■ Data block:
⟨
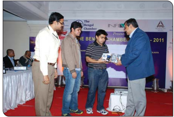
▲ Members of the team from Cognizant being awarded their prizes
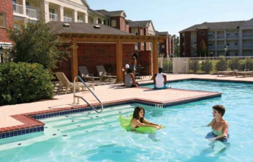
Residents of La Maison du Bayou enjoying the swimming pool.
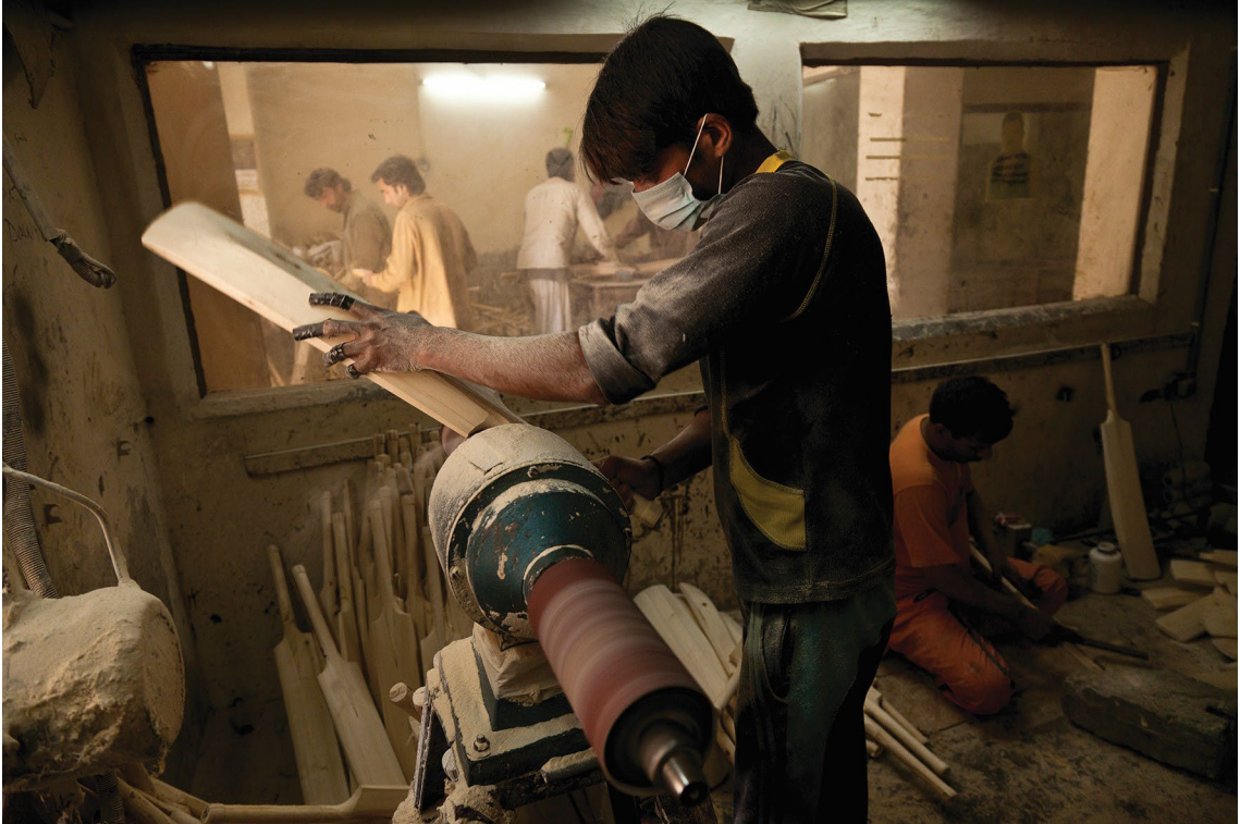
Figure 2 Photograph showing a cricket bat factory in Sialkot
⟩
■ Task directions:
A verbatim copy of the listing is required, with all pictures left out.

■ Answer for this exercise:
▲ Members of the team from Cognizant being awarded their prizes
Residents of La Maison du Bayou enjoying the swimming pool.
Figure 2 Photograph showing a cricket bat factory in Sialkot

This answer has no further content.